Leslie Schoop works at her computer

Quantum chemist Leslie Schoop wins 2020 Packard Fellowship

Leslie Schoop

The David and Lucile Packard Foundation announced today that quantum chemist Leslie Schoop is one of 20 researchers to receive a Packard Fellowship for Science and Engineering, targeted to innovative, early-career scientists and engineers.

"Princeton is thrilled that the Foundation has honored Dr. Schoop with this extraordinary fellowship," said University President Christopher L. Eisgruber.

Schoop, an assistant professor of chemistry and a 2015 Ph.D. graduate of Princeton, works at the interface between chemistry and physics, using chemical principles to find and synthesize quantum materials with exotic physical properties. Her research has implications for nanotechnology and quantum computing. Quantum materials “can be hosts of completely new physics and can even help to increase our understanding of the universe,” she said.

“Now more than ever, we need science,” said Frances Arnold, a Class of 1979 alumna and the 2018 Nobel laureate in chemistry, who is chair of the Packard Fellowships Advisory Panel. “In a year when we are confronted by the devastating impacts of a global pandemic, racial injustice and climate change, these 20 scientists and engineers offer us a ray of hope for the future. Through their research, creativity and mentorship to their students and labs, these young leaders will help equip us all to better understand and address the problems we face.”
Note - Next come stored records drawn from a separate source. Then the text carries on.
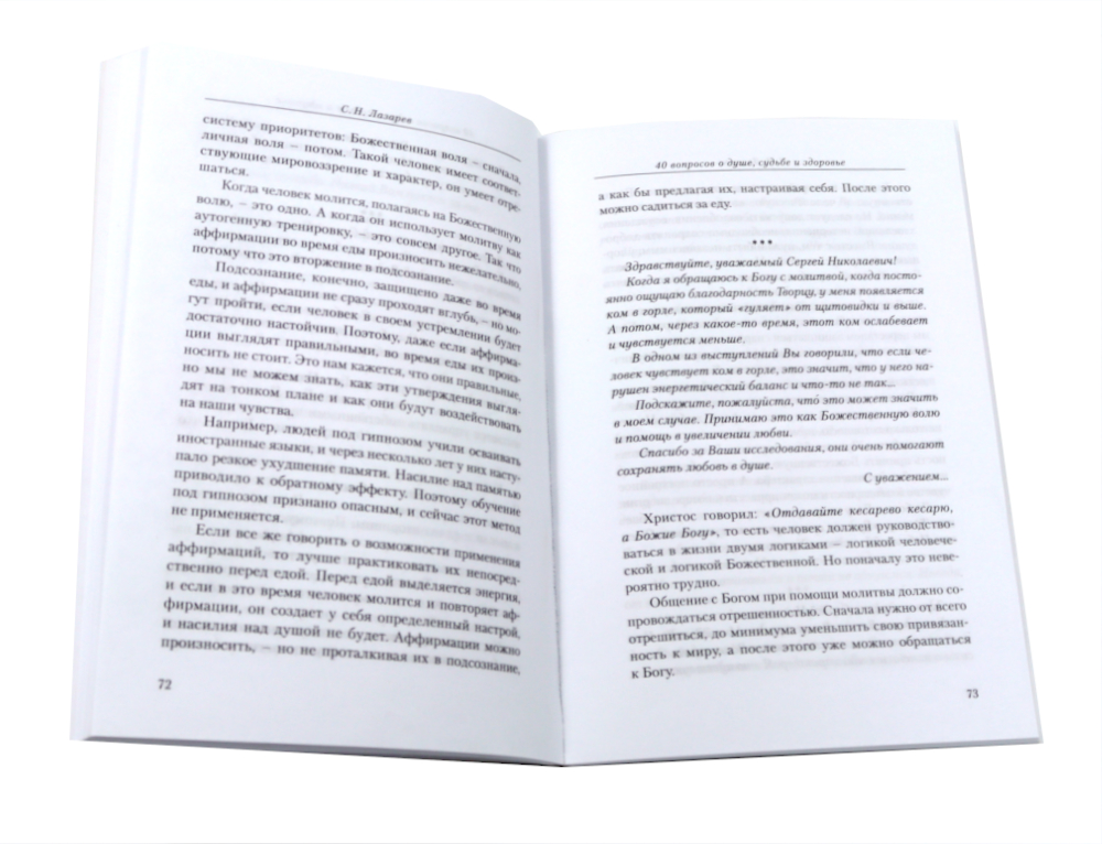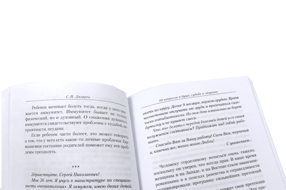 Комплект состоит из двух частей С.Н. Лазарева «40 вопросов о душе». Как преодолеть бесплодие? Почему мужчины пьют? Что значит - жить чувствами? В каком состоянии можно обращаться к Богу, а в каком - нежелательно? Что такое недолюбленный ребенок? Как отличить любовь от страсти? Как правильно помогать людям? .В этой книге читатель найдет не только ответы на многие вопросы, но и руководство к действию. Вторая книга новой серии «40 вопросов о душе, судьбе и здоровье» продолжает знакомить читателей с ответами С.Н. Лазарева на многочисленные вопросы, касающиеся самых важных сфер жизни человека. В новой книге представлены такие темы как здоровье, семья и отношения, а также многие другие актуальные темы: виртуальное общение в Интернете, проявление сверхспособностей, особенности правильного питания и многие другие темы, которые будут интересны широкому кругу читателей. Отдельная глава книги посвящена теме молитвы. Проблемы людей похожи, но каждая история, рассказанная в письмах, индивидуальна и имеет свои особенности. И через объяснение этих особенностей, через раскрытие нюансов и подробностей, которыми делится Сергей Николаевич в своих ответах, читатели смогут найти для себя новые знания для решения собственных проблем.| Издательство | ИП Лазарев С.Н. |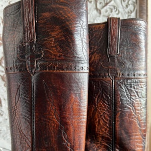 80s vintage tooled leather boots / buttery brown ridi… - Gem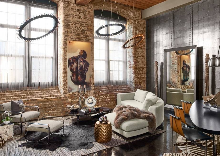 - Лофт. Брутальный дизайн люстры органично выглядит на фоне кирпичных стен и грубых деревянных балок. Однако с первого взгляда заметно, что эта суровая простота стала плодом напряжённой работы дизайнера.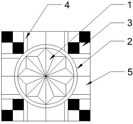 本实用新型提供一种强化拼花地板,它包括有不同花色的小三角形、外环、正方块;其中,若干个小三角形拼接形成中心八角星形,八角星形顶点外接有外环,外环与八角形之间的间隙处地板外表面低于八角星形与外环的外表面;外环的四个45°对角处各设一组方块,方块外侧拼接有长方框条,相邻长方框条之间通过两块异形块分隔;拼接地板的所有部件侧边均设有连接位,其中两条边的连接位为凹槽,另两条为相配合的凸条,所述的连接位的顶面和侧面为直线,底部呈弧状。本方案的优点在于拼接方便,拼接后具有较强的凹凸立体感。制作过程简单、环保,其应用前景广阔。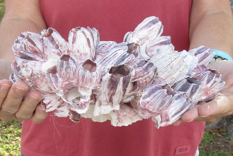 Large Purple Barnacle Cluster for Sale measuring approximately 10 inches long, 7-1/2 inches wide and 5 inches high.  No two will be identical.  Purple Barnacles will vary greatly in shape, size and shading. These large barnacle clusters are created by gluing smaller barnacles together. Our supplier uses a PINK colored glue and it will be visible in spots on the cluster.   Large barnacles are used in seashell decor, for displaying airplants and are an excellent hiding place for small fish and are a colorful accent to the fish tank; However, a salt water fish expert must be consulted for details on how to introduce barnacles into a tank.

Each fellow will receive $875,000 over five years to pursue their research. The Packard Fellowships in Science and Engineering are among the nation’s largest nongovernmental fellowships, designed to allow maximum flexibility in how the funding is used. Since 1988, this program has supported “blue-sky thinking” in physics, chemistry, mathematics, biology, astronomy, computer science, earth science, ocean science and all branches of engineering, in the hopes that open-ended research over time will lead to discoveries that improve people’s lives. As a Packard fellow, Schoop will be invited to an annual conference to meet with other fellows as well as the advisory panel and members of their board of trustees. The next meeting is scheduled for September 2021, in Monterey, California.